After a design doc is finalized (before planning)
After an implementation plan passes review (before execution)
After implementation is complete (before finishing)
Anytime you want adversarial review of any artifact
When the build pipeline calls for red-teaming

The Iterative Loop

digraph red_team_loop {
  "Dispatch FRESH Devil's Advocate" -> "Reviewer returns findings";
  "Reviewer returns findings" -> "No Fatal/Significant issues" [label="clean"];
  "No Fatal/Significant issues" -> "Artifact approved -- proceed";
  "Reviewer returns findings" -> "Fatal/Significant issues found";
  "Fatal/Significant issues found" -> "Dispatch fix agent";
  "Dispatch fix agent" -> "Score issues (Fatal=3, Significant=1)";
  "Score issues (Fatal=3, Significant=1)" -> "Compare weighted score to prior round";
  "Compare weighted score to prior round" -> "Dispatch FRESH Devil's Advocate" [label="strictly lower score = progress"];
  "Compare weighted score to prior round" -> "Escalate to user" [label="same or higher score = stagnation"];
  "Reviewer returns findings" -> "Escalate to user" [label="architectural concern"];
}

Rules

Fresh reviewer every round — dispatch a NEW subagent each time.
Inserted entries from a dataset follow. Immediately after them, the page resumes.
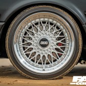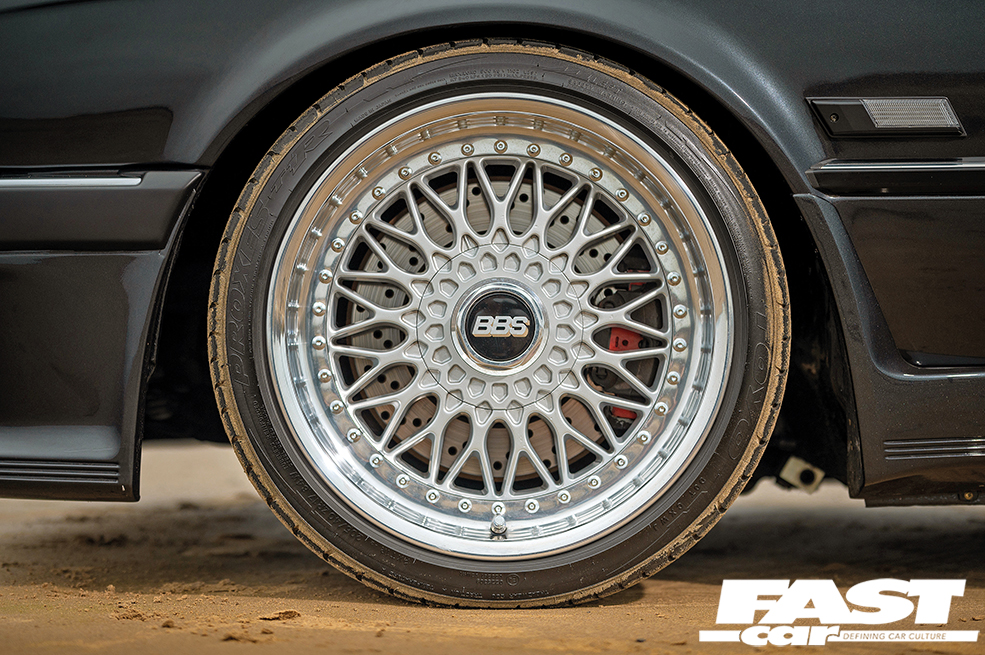 8×17” (front) and 9×17” (rear) BBS Style 5 wheels with 205/40 (front) and 215/40 (rear) tyres, modified front subframe, E36 M3 Evo front hubs and lower arms, E36 Compact rear end, E36 HSD fully adjustable coilovers, E46 M3 brake conversion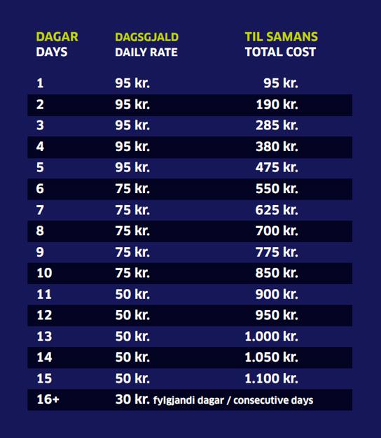 Parkering styttri enn 2 tímar er ókeypis. Síðani rindar tú sambært galdandi prísyvirliti niðanfyri.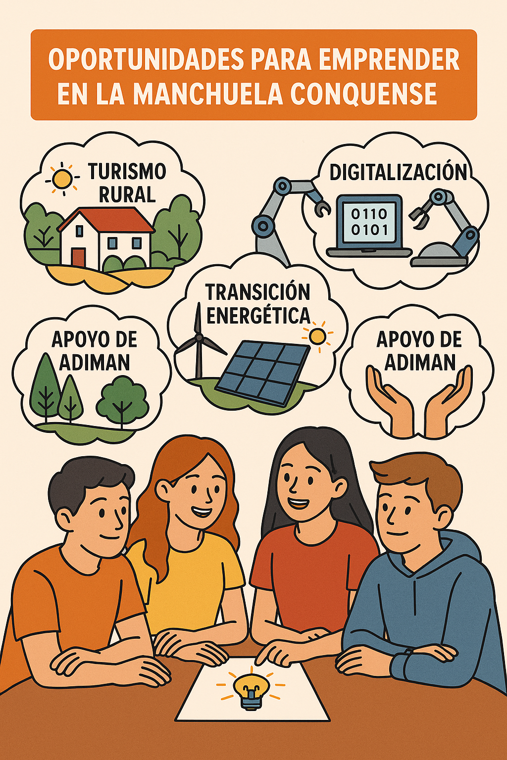 Describe las líneas de financiación y apoyo del Grupo de Desarrollo Rural para proyectos en agricultura, ganadería, industria agroalimentaria y gestión forestal. Plantea acciones estratégicas como formación, digitalización, recuperación de cultivos tradicionales, cooperativismo y fomento de la agricultura ecológica. También incluye programas de modernización de regadíos, integración en mercados y valorización de productos locales. Explica cómo se apoya la creación de nuevas empresas con criterios de sostenibilidad. Refuerza el papel de ADIMAN como aliado para emprender en la Manchuela Conquense.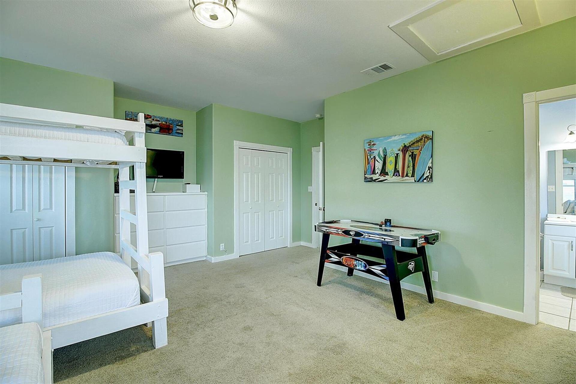 bathrooms. One, with two queen size beds, the second with two bunks, twin over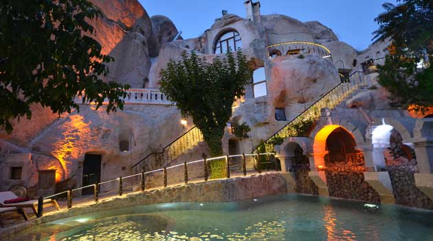 33. Gamirasu cave (Турция, г. Ургюп) Отель Гамирасу открыл свои двери в 1999 году, в качестве первого пещерного отеля в регионе. Гостиница располагает 33-мя номерами, которые были тщательно отреставрированы и по-новому оформлены. Гамирасу расположен в самом сердце Каппадокии, в деревне Айвалы, близ древнего города Ургюпа. Номера и цены Королевский люкс в византийском стиле - 1200 евро/сутки Королевский люкс в римском стиле — 550 евро/сутки Номер — люкс «Eagle Nest” («Орлиное гнездо») - 390 евро/сутки Номер — люкс в хеттском стиле — 340 евро/сутки Улучшенный люкс — 310 евро/сутки Пещерный номер — люкс - 275 евро/сутки Улучшенный семейный люкс — 390 евро/сутки Семейный номер — люкс — 275 евро/сутки Номер Делюкс — 205 евро/сутки Услуги: Курсы турецкой кухни Йога и массажная терапия Представление кружащихся дервишей (т. е. духовные обряды, ритуальные танцы)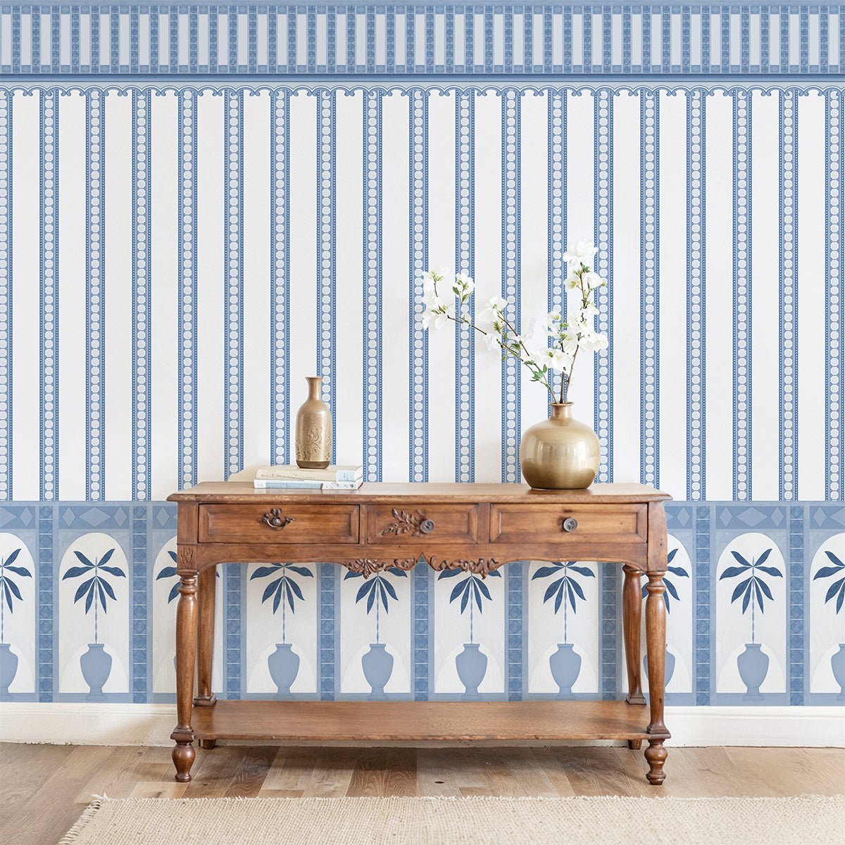 Rendered in a crisp blue and white palette, this wallpaper is perfect for creating a bright, elegant feature wall in an entryway, living room, or formal dining space.

Never pass prior findings to the next reviewer. Each reviewer sees the artifact cold.
Stagnation = escalation — use weighted scoring to detect stagnation (see below). If the weighted score does not strictly decrease, stop and escalate to user with full findings from both rounds.
Architectural concerns bypass the loop — immediate escalation regardless of round or progress.
No round cap — loop as long as each round makes progress. The caller (e.g., crucible:quality-gate) may impose a global safety limit.
Only Fatal and Significant count — Minor observations are logged but don't count toward stagnation and don't trigger fix rounds.

Stagnation Detection

Stagnation uses weighted scoring, not raw issue counts. This prevents false stagnation when Fatal issues are converted to Significant ones (which is genuine progress).

Weights: Fatal = 3 points, Significant = 1 point.

Example: Round 1 finds 2 Fatal + 1 Significant = score 7. Fixer eliminates both Fatals but surfaces 3 new Significants. Round 2 finds 0 Fatal + 3 Significant = score 3. That is progress (3 < 7), not stagnation.

Progress requires EITHER:

Weighted score strictly lower than prior round, OR
Fatal count strictly lower AND weighted score same-or-lower

If neither condition is met, that is stagnation. Escalate to user with findings from both rounds.

Issue Classification

The Devil's Advocate MUST classify every challenge:

Fatal: Artifact will fail or produce broken output. Must be addressed.
Significant: Artifact will work but has a meaningful risk or missed opportunity. Should be addressed.
Minor: Nitpick or preference. Log it but don't block.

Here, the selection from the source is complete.